## Task directions
Leaving the pictures aside, transcribe every line below exactly.

## Data extracted from a collection
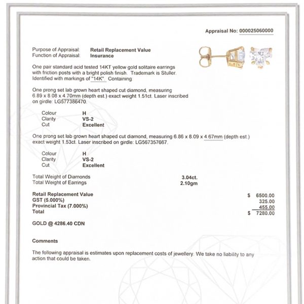 Heart 3.0ct Lab 14k #33-Diamond Earrings
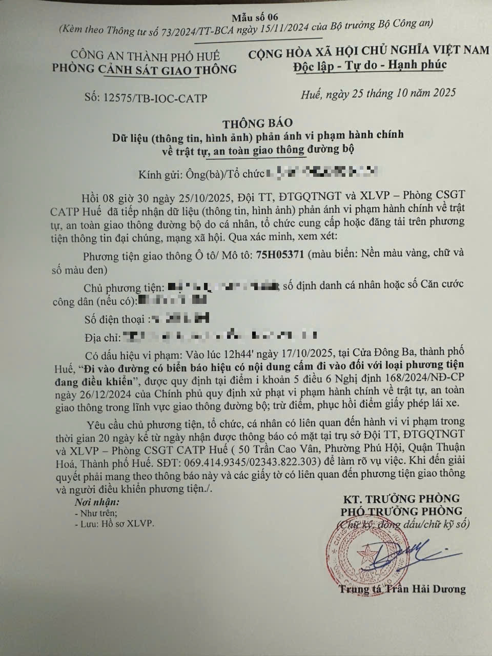 Qua hình ảnh phản ánh, Phòng Cảnh sát giao thông xác định lỗi vi phạm của người điều khiển phương tiện 75H05371 như sau: Đi vào đường có biển báo hiệu có nội dung cấm đi vào đối với loại phương tiện đang điều khiển, được quy định tại Điểm i khoản 5 Điều 6 Nghị định số 168/2024/NĐ-CP ngày 26/12/2024 của Chính phủ.
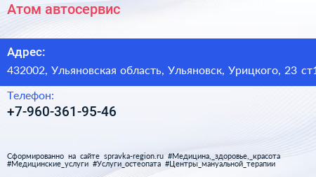 Атом, автосервис по адресу 432002, Ульяновская область, Ульяновск, Урицкого, 23 ст1 в дальнейшем Организация, размещена в следующих категориях:
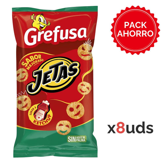 Jetas Snack de Patata con Sabor Ketchup - Pack de 8 Bolsas de 70g ? Aperitivo Crujiente con Forma de Caritas ? Divertido y Sabroso para Compartir
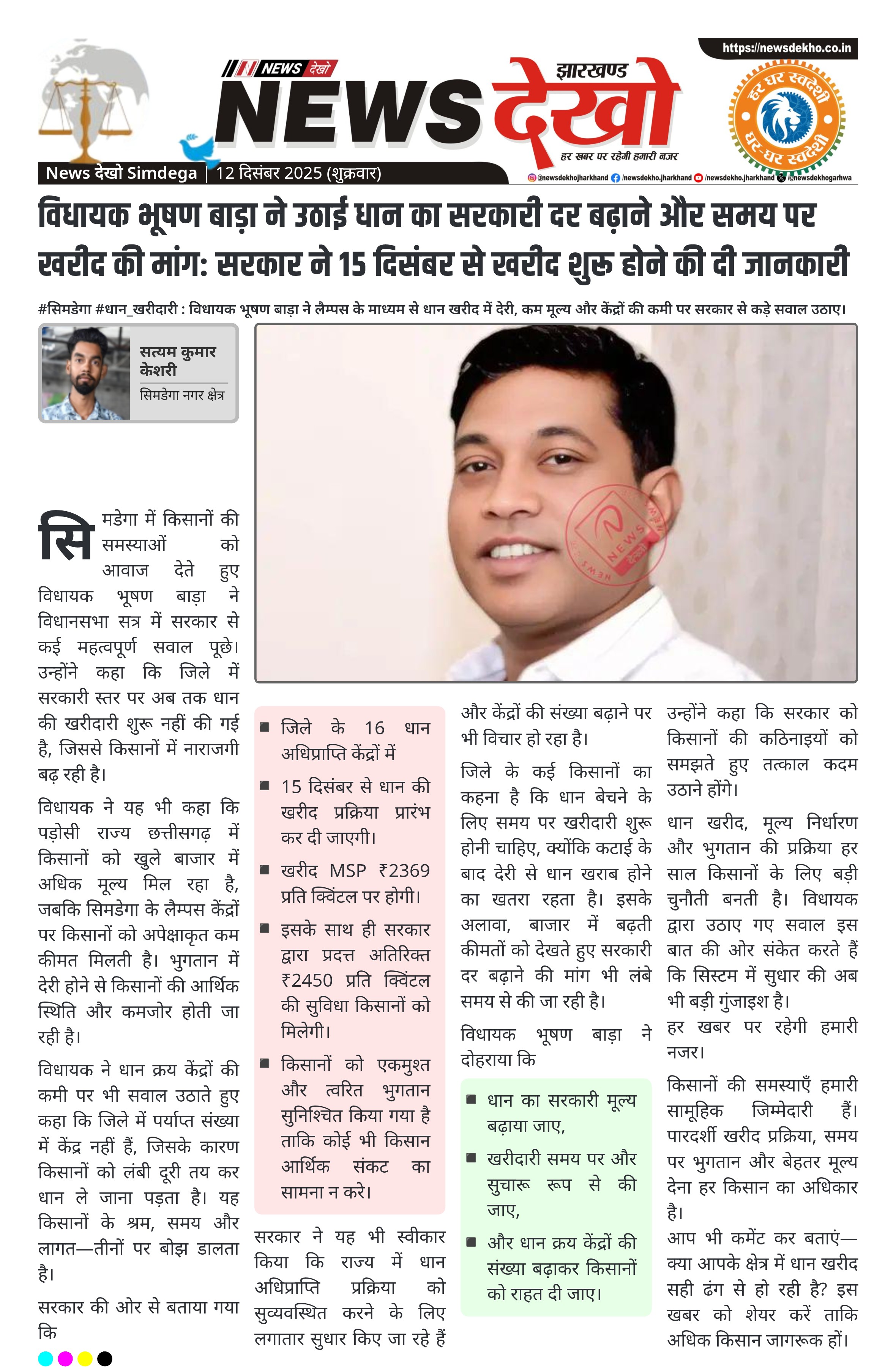 #सिमडेगा #धान_खरीदारी : विधायक भूषण बाड़ा ने लैम्पस के माध्यम से धान खरीद में देरी, कम मूल्य और केंद्रों की कमी पर सरकार से कड़े सवाल उठाए। विधायक भूषण बाड़ा ने विधानसभा में धान खरीद में देरी का मुद्दा जोरदार तरीके से उठाया। कहा— छत्तीसगढ़ में अधिक मूल्य, लेकिन जिले के लैम्पस में किसानों को कम दर और देर से भुगतान। धान क्रय केंद्रों की कमी से किसानों को भारी परेशानी। सरकार ने बताया— 15 दिसंबर से 16 केंद्रों पर…
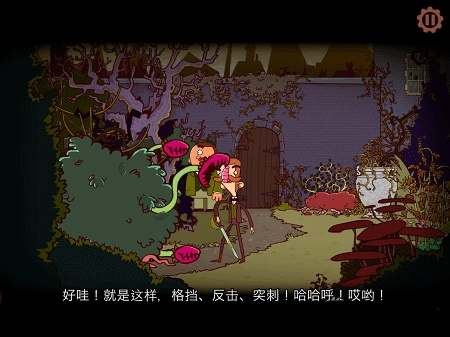 再次来到秘密花园,用刀砍断食人花,通道开启成功进入里面。
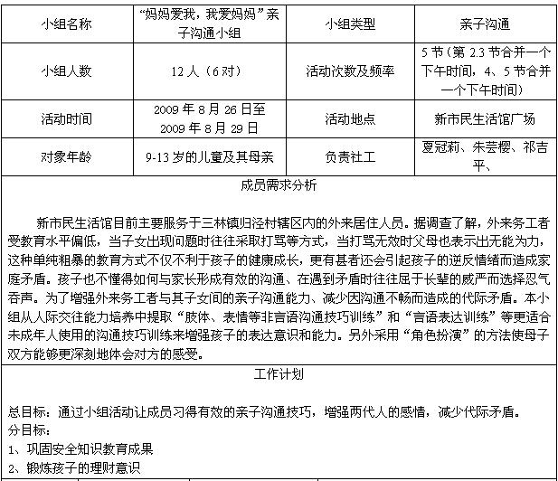 “妈妈爱我,我爱妈妈”亲子沟通小组活动计划书
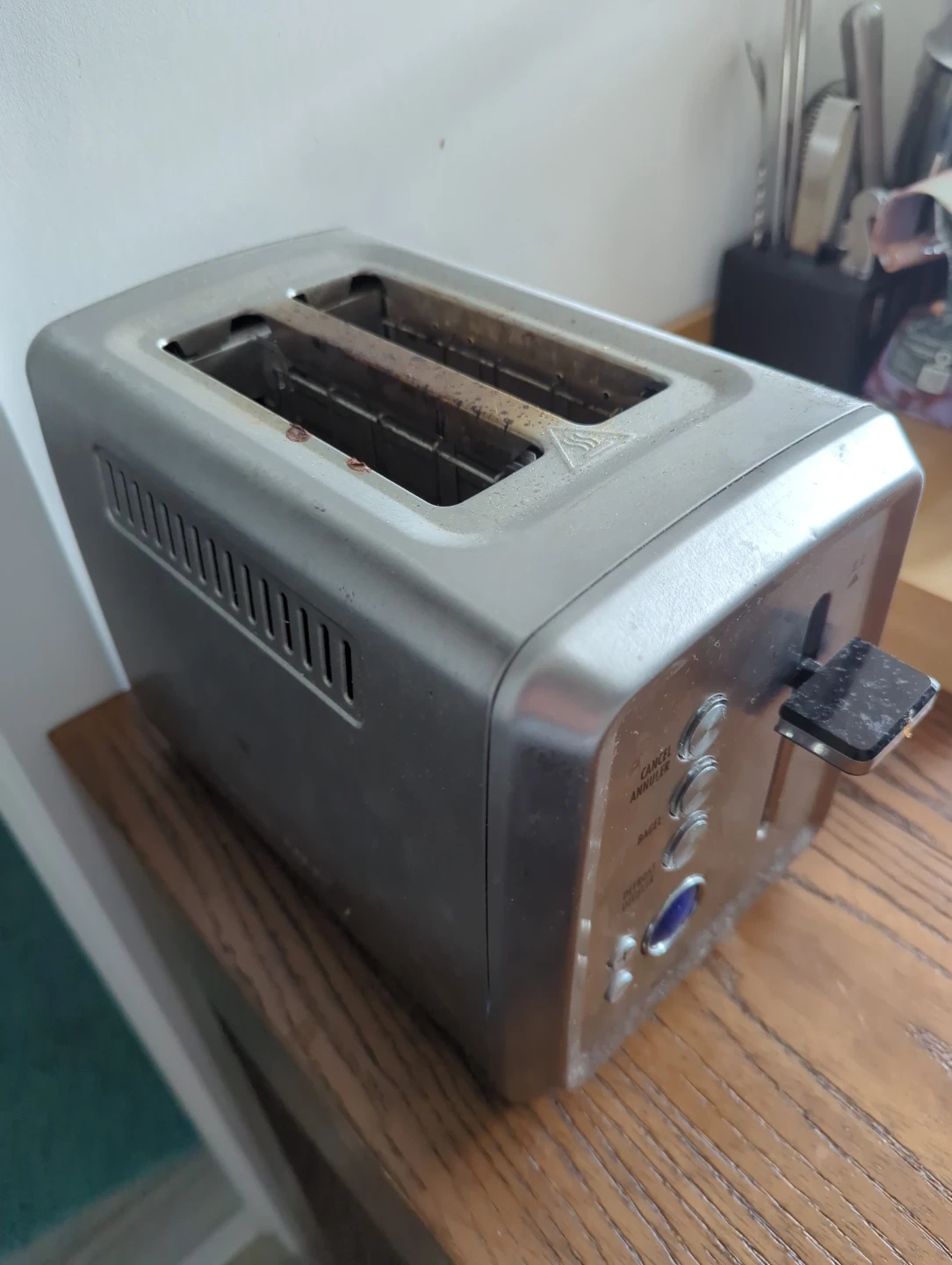 A silver 2-slice toaster. It features settings for cancel, bagel, and defrost. Perfect for making toast and bagels for breakfast!
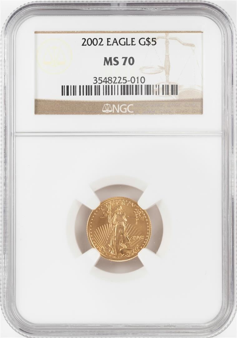 One 2002 $5 American Gold Eagle Coin NGC MS70. NGC Certified.
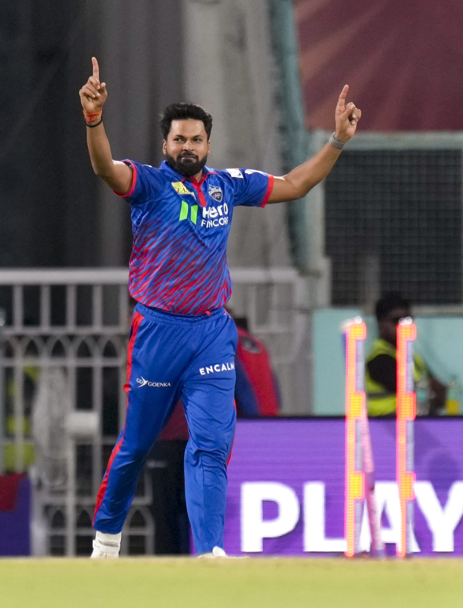 Lucknow: Delhi Capitals’ Mukesh Kumar celebrates after the wicket of Lucknow Super Giants’ Nicholas Pooran during the Indian Premier League (IPL) 2026 cricket match between Lucknow Super Giants and Delhi Capitals, at Ekana Stadium in Lucknow, Wednesday, April 1, 2026. (PTI Photo/Shahbaz Khan)(PTI04_01_2026_000467B)
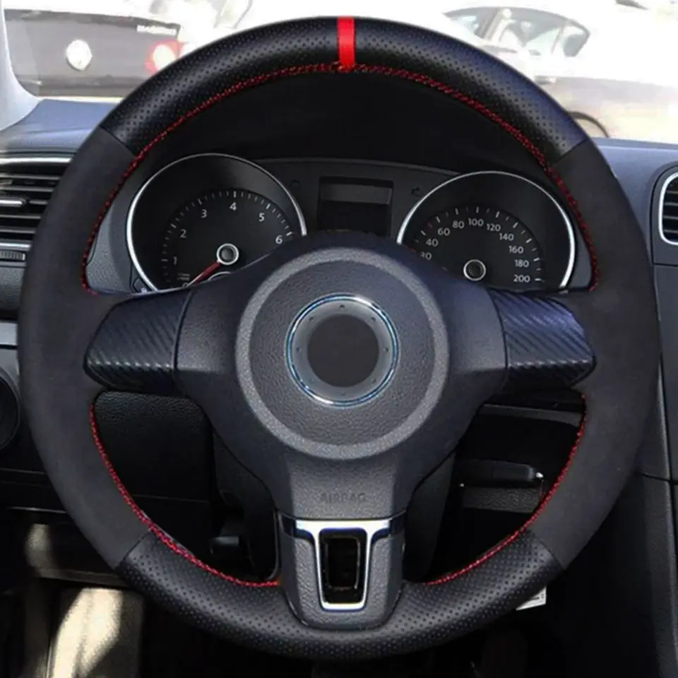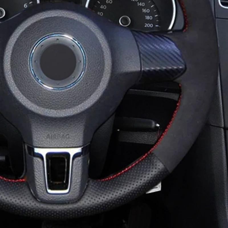 Чехол рулевого колеса автомобиля черная натуральная кожа замша для Volkswagen Golf 6 Mk6 VW Polo Sagitar Bora Santana Jetta MK5
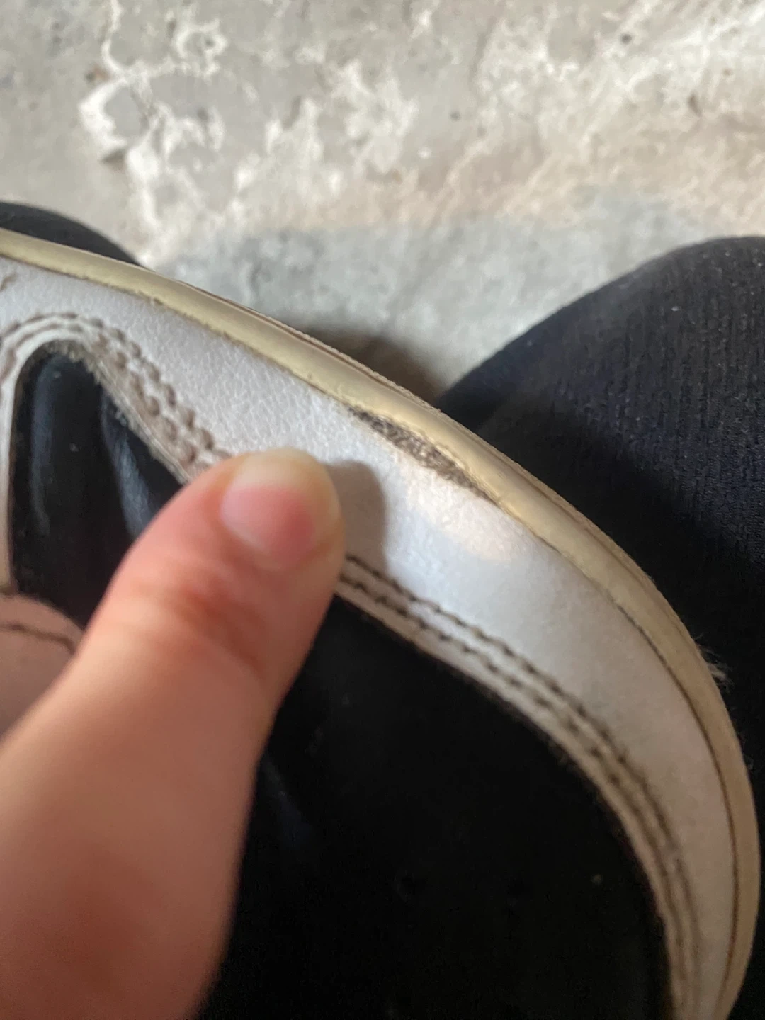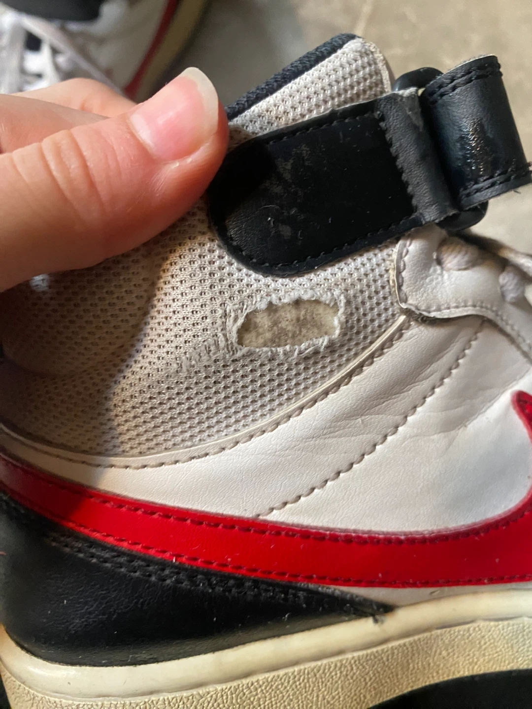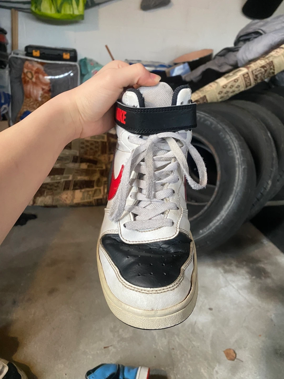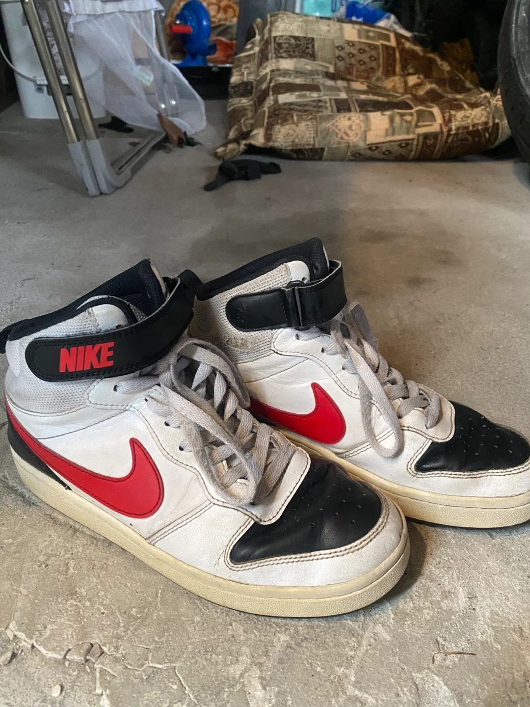 White, black, and red Nike mid-top sneakers with velcro strap closure. These are a classic high-top style shoe. Great for everyday wear!

## Finished task
 Heart 3.0ct Lab 14k #33-Diamond Earrings
 Qua hình ảnh phản ánh, Phòng Cảnh sát giao thông xác định lỗi vi phạm của người điều khiển phương tiện 75H05371 như sau: Đi vào đường có biển báo hiệu có nội dung cấm đi vào đối với loại phương tiện đang điều khiển, được quy định tại Điểm i khoản 5 Điều 6 Nghị định số 168/2024/NĐ-CP ngày 26/12/2024 của Chính phủ.
 Атом, автосервис по адресу 432002, Ульяновская область, Ульяновск, Урицкого, 23 ст1 в дальнейшем Организация, размещена в следующих категориях:
 Jetas Snack de Patata con Sabor Ketchup - Pack de 8 Bolsas de 70g ? Aperitivo Crujiente con Forma de Caritas ? Divertido y Sabroso para Compartir
 #सिमडेगा #धान_खरीदारी : विधायक भूषण बाड़ा ने लैम्पस के माध्यम से धान खरीद में देरी, कम मूल्य और केंद्रों की कमी पर सरकार से कड़े सवाल उठाए। विधायक भूषण बाड़ा ने विधानसभा में धान खरीद में देरी का मुद्दा जोरदार तरीके से उठाया। कहा— छत्तीसगढ़ में अधिक मूल्य, लेकिन जिले के लैम्पस में किसानों को कम दर और देर से भुगतान। धान क्रय केंद्रों की कमी से किसानों को भारी परेशानी। सरकार ने बताया— 15 दिसंबर से 16 केंद्रों पर…
 再次来到秘密花园,用刀砍断食人花,通道开启成功进入里面。
 “妈妈爱我,我爱妈妈”亲子沟通小组活动计划书
 A silver 2-slice toaster. It features settings for cancel, bagel, and defrost. Perfect for making toast and bagels for breakfast!
 One 2002 $5 American Gold Eagle Coin NGC MS70. NGC Certified.
 Lucknow: Delhi Capitals’ Mukesh Kumar celebrates after the wicket of Lucknow Super Giants’ Nicholas Pooran during the Indian Premier League (IPL) 2026 cricket match between Lucknow Super Giants and Delhi Capitals, at Ekana Stadium in Lucknow, Wednesday, April 1, 2026. (PTI Photo/Shahbaz Khan)(PTI04_01_2026_000467B)
 Чехол рулевого колеса автомобиля черная натуральная кожа замша для Volkswagen Golf 6 Mk6 VW Polo Sagitar Bora Santana Jetta MK5
 White, black, and red Nike mid-top sneakers with velcro strap closure. These are a classic high-top style shoe. Great for everyday wear!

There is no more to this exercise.